A. I am talking about local and temporary involvement, meaning an exception to the laws of nature under certain circumstances. You are talking about constant involvement, rooted in the very essence of our freedom of will. As I understand it, there is no problem with that.
B. I said explicitly that understanding that evil is the work of our own hands blunts the sting of the difficulty directed toward the Holy One, Blessed be He, but does not eliminate it. I explained that if we demand that He intervene to prevent evil, that effectively deprives us of our choice, and that is not what He wants. Of course, one could argue that He should intervene to prevent great evil while leaving open the possibility of small evil, but I do not know what line can be drawn in this matter.
C. That does not solve the problem. The question is whether the information exists now or not. If it exists now, then there is no choice; if it does not exist now, then the Holy One, Blessed be He, does not know it (now). Therefore, for our purposes it is of no help to claim that the Holy One, Blessed be He, is above time.

Discussion on Answer

Avishai (2022-08-02)

A. That’s not correct. At the first stage you spoke about the claim that “what we do is really what the Holy One, Blessed be He, does,” and you said that this is nonsense—that it is simply meaningless to say that He does what we do—and from that you derived the conclusion that only we are doing it, entirely. But if He is involved in our will (I don’t fully understand what that means), then in some sense He is also doing it.
B. I didn’t mean that He should intervene to prevent evil, but that He should create a world in which the range of human choice is different from the outset.
C. Of course it solves the problem. The Holy One, Blessed be He, does not know now—simply because He is not “now.” Exactly like a stone is neither wise nor foolish, or like a point has no length. In other words, it is a concept that simply does not apply at all to the thing you are describing.
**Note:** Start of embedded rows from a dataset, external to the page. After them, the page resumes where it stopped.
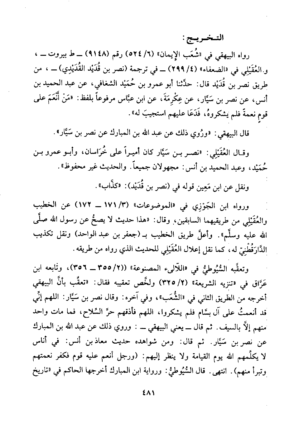 وتعقَّبه السُّيُوطيُّ في "اللآلئ المصنوعة" (٢/ ٣٥٥ - ٣٥٦)، وتابعه ابن عَرَّاق في "تنزيه الشريعة" (٢/ ٣٢٥) ولخَّص تعقيبه فقال: "تعقِّب بأنَّ البيهقي أخرجه من الطريق الثاني في "الشُّعَب"، وفي آخره: وقال نصر بن سَيَّار: اللَّهُمَّ إنِّي قد أنعمتُ على آل بسَّام فلم يشكروا، اللهم فأذقهم حرَّ السِّلاح، فما مات واحد منهم إلَّا بالسيف. ثم قال -يعني البيهقي-: وروي ذلك عن عبد اللَّه بن المبارك عن نصر بن سَيَّار. ثم قال: ومن شواهده حديث معاذ بن أنس: في أناس لا يكلِّمهم اللَّه يوم القيامة ولا ينظر إليهم: (ورجل أنعم عليه قوم فكفر نعمتهم وتبرأ منهم). انتهى. قال السُّيُوطِيُّ: ورواية ابن المبارك أخرجها الحاكم في "تاريخ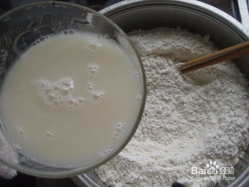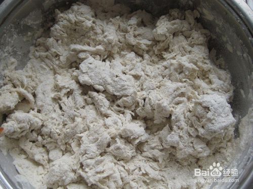 和面:发发酵粉水慢慢倒入面粉中,搅拌成絮状,柔成面团;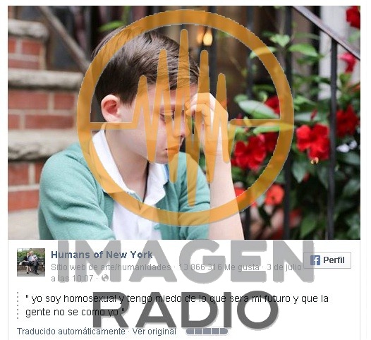 "Soy homosexual y tengo miedo sobre cómo será mi futuro y de que no le guste a las personas”, se lee debajo de la fotografía de “Humans of New York” en Facebook.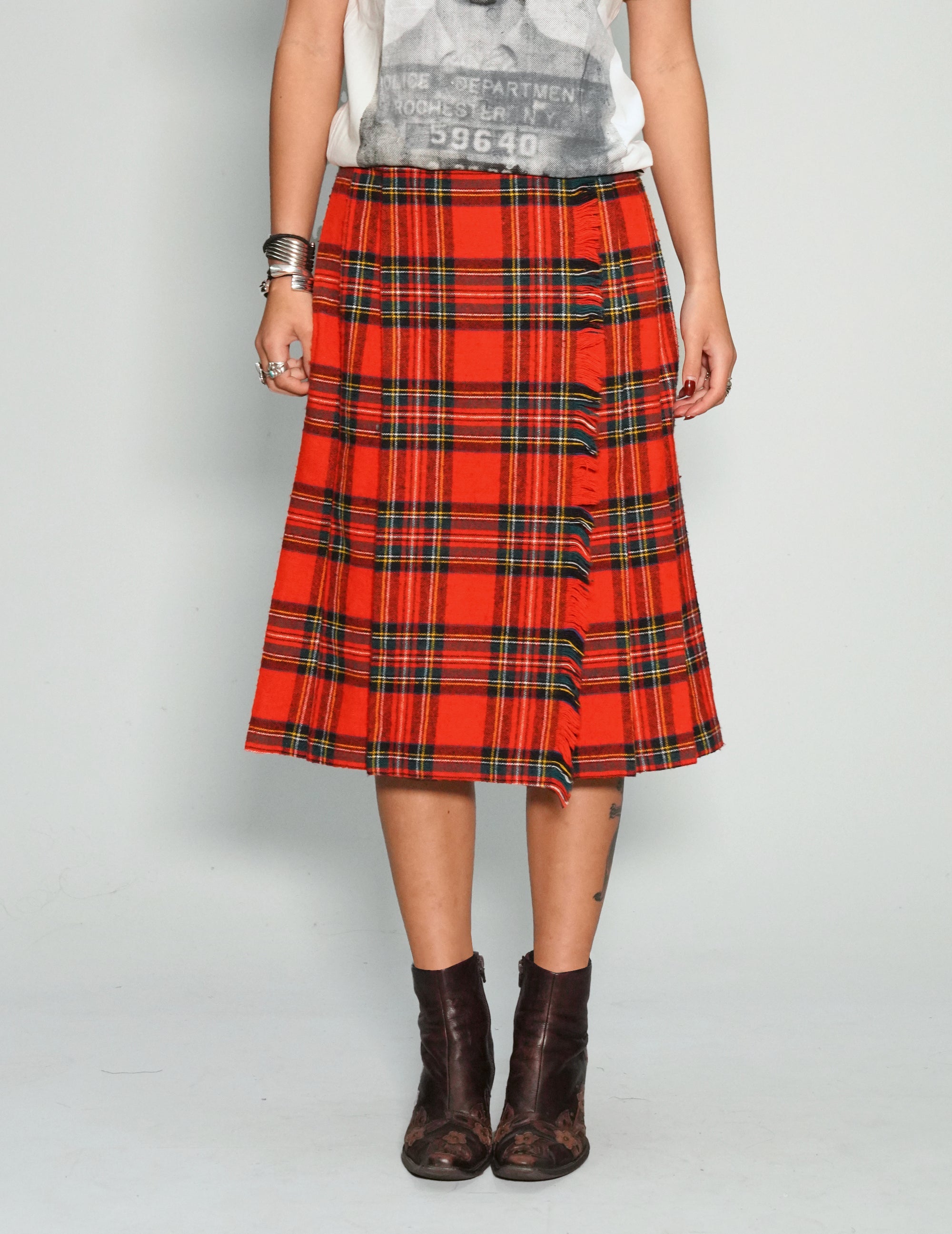 1970's vintage, lightweight red tartan kilt style skirt, 50% wool, 30% Acrylic, 20% Nylon. Perfect to add a pop of punk style tartan to any outfit.
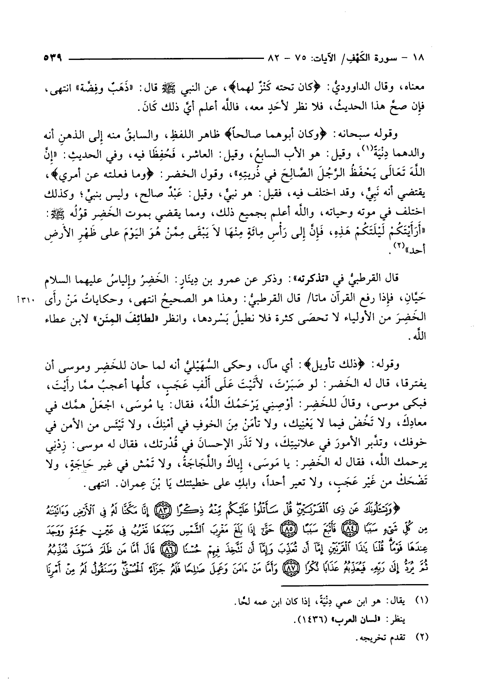 وقوله سبحانه: وَكانَ أَبُوهُما صالِحاً ظاهر اللفظِ، والسابقُ منه إِلى الذهنِ أنه والدهما دِنْيَةً «1» ، وقيل: هو الأب السابعُ، وقيل: العاشر، فَحُفِظَا فيه، وفي الحديثِ: «إِنَّ اللَّهَ تَعَالَى يَحْفَظُ الرَّجُلَ الصَّالِحَ في ذُريتِهِ» ، وقول الخضر: وَما فَعَلْتُهُ عَنْ أَمْرِي، يقتضي أنه نَبِيٌّ، وقد اختلف فيه، فقيل: هو نبيٌّ، وقيل: عَبْدٌ صالح، وليس بنبيٍّ وكذلك اختلف في موته وحياته، واللَّه أعلم بجميع ذلك، ومما يقضي بموت الخضر قوله صلّى الله عليه وسلّم: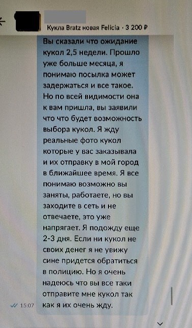 В ходе проверки сотрудники отдела уголовного розыска Максим Шальков и Андрей Качурин установили личность автора объявлений и опросили ее. Оказалось, что продавец обманывать никого не хотела, но по объективным причинам поставка игрушек сильно задержалась. Из-за жалоб покупателей администрация сайта заблокировала ее профиль, все контакты утрачены.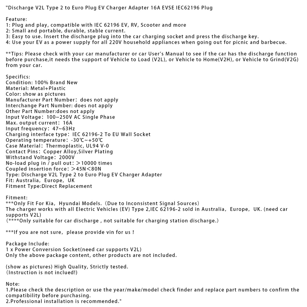 Type: Discharge V2L Type 2 to Euro Plug EV Charger Adapter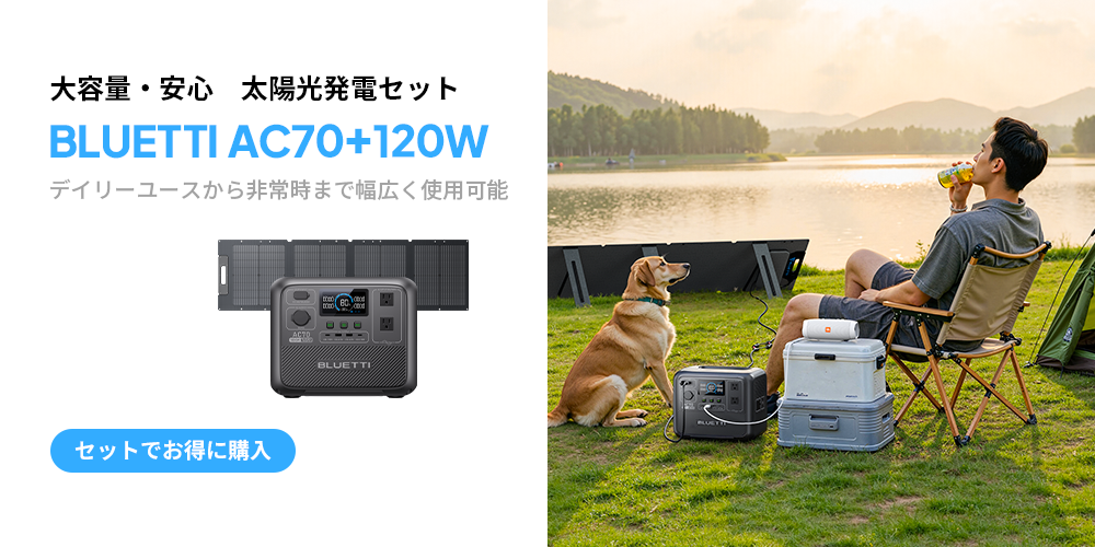 【1.5時間フル充電】 BLUETTI AC70は768Whのリン酸鉄リチウム電池を採用され、3000+充放電回数の長寿命と熱安定性を確保しながら、1000Wの双方向インバーターを装備しています。出力を高めるだけでなく、重いアダプターを持ち運ぶ必要がなく、AC充電ケーブル1本でBLUETTI Turbo技術で45分で80%まで充電、1.5時間フル充電が可能です。AC充電は3つのモードをアプリで選択でき、静音モードでは45dBという低騒音で、夜にも安心して静かに充電できます。 【電力リフトとUPS機能付き】 電力リフト機能により、電気ポットやドライヤーなど定格消費電力2000W以下の電熱線(電阻)搭載の家電でも使用可能です。AC出力ポート × 2(50Hz/60Hz)、USB-A × 2、USB-C × 2(100W)、シガーソケット出力を含む7つの出力ポートを備えています。AC70は20msの切り替え時間で瞬時に電力を回復するUPS機能を搭載してます。電力が遮断されたり、安全レベルを超える変動があったりした場合、AC70は瞬時にバックアップ電源を供給しますので、パソコン部品の破損、電子データの紛失、停電の心配がありません。 【最大500Wソーラー充電】 業界同じ容量帯の最大500Wの再生可能な太陽エネルギーにより、ポータブル電源AC70を1.9 - 2.4時間でフル充電できます。環境に優しく、電気料金を節約するだけでなく、停電時にも安心して電力を利用できます。また、AC70では最大950WのAC+DCデュアルチャージ(充電)が可能で、急いで外出する場合でも余裕を持って対応できます。 【APPコントロール】 スマホのBluetoothを通じてBLUETTIアプリを使えば、AC70の状態を監視し、充放電などのを設定し、バージョンアップをすることができます。スマートな管理が簡単に実現できます。デフォルトでは、ECOモードは電力を節約するために低出力電力が4時間続くと自動的にオフになります。 ただし、アプリで自動オフ時間やAC/DC電源設定を調整することができます。 【動作時間の延長】 B80/B230/B300でさらにパワーアップします。AC70は、B80/B230/B300拡張バッテリーの充電に対応しています(パワーバンクモード)。休日や旅行、車中泊での非常用電源として、またはアウトドアでの使用時間を延長するのに最適です。 【業界高水準の5年保証】 AC70はご注文日より5年のサポート(保証)が付いております。品質には万全を期しておりますが、万が一不良・破損・誤納品など、および正常使用による不具合の場合は、無料修理/交換の対象となります。ご購入後何かございましたら、迅速なご対応をさせていただきますので、ご遠慮無くお問い合わせください。 「付属品」AC70本体、ACアダプター充電器、MC4ソーラー充電ケーブル、カーチャージャケーブルと取扱説明書が付属します。 |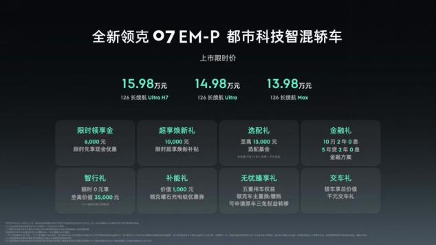 动力性能的细节也兼顾了节能与实用,全新领克07 EM-P采用前置前驱驱动形式,匹配3DHT变速箱,搭载插电混动动力总成,起步时动力输出平缓,不会出现窜动的情况,适合城市通勤;高速行驶时动力储备充足,超车时能快速响应,同时能耗保持在较低水平,符合日常用车的节能需求。目前这款车型已正式上市,限时价13.98万起。
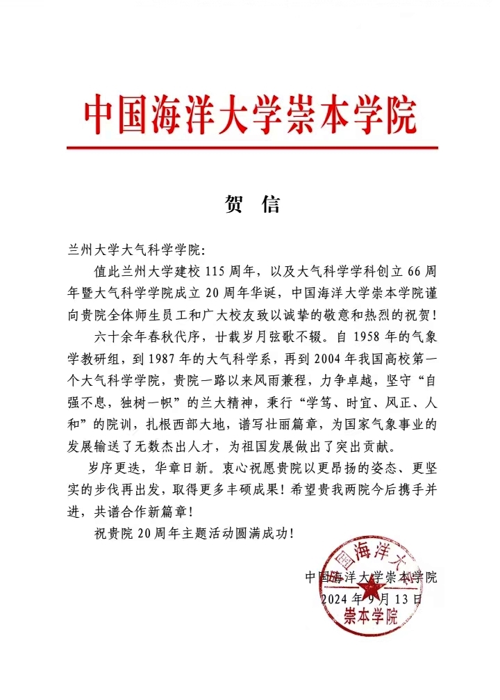 中国海洋大学崇本学院致bat365官网登录在线主页建院20周年贺信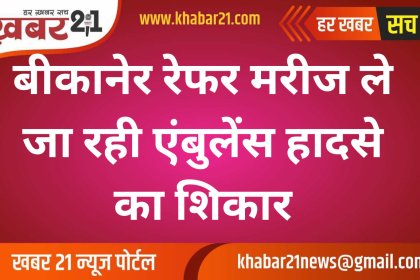 बीकानेर रेफर मरीज ले जा रही एंबुलेंस हादसे का शिकार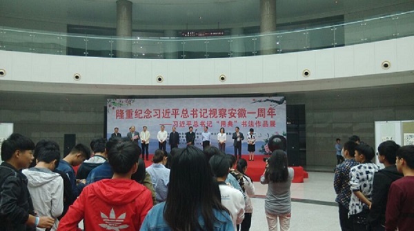 本网讯(通讯员:江健龙)4月25日,由中共合肥市委宣传部、合肥市文联隆重举办的纪念习近平总书记视察安徽一周年——习近平总书记“用典”书法作品展在市政务中心阳光大厅隆重开幕。市委常委、宣传部部长钟俊杰出席开幕式并讲话。阚建华、吴春梅、金其武等市领导和数百名市民及安徽新华学院动漫学院的师生代表共同参加了开幕式。

By the way, I forgot to thank you for the series in my previous message—I enjoyed it very much. So thank you very much for that as well.

Michi (2022-08-03)

A. There is no point arguing for argument’s sake. I know exactly what I said and what I think. So if you enjoy insisting—good for you.
B. I hope you understand what you wrote here. Because I don’t.
C. That of course solves nothing. Can the Holy One, Blessed be He, convey this information to me at this very moment? Obviously yes, since He does so with respect to prophets. So the information exists now, and everything else is mere empty talk. That’s all.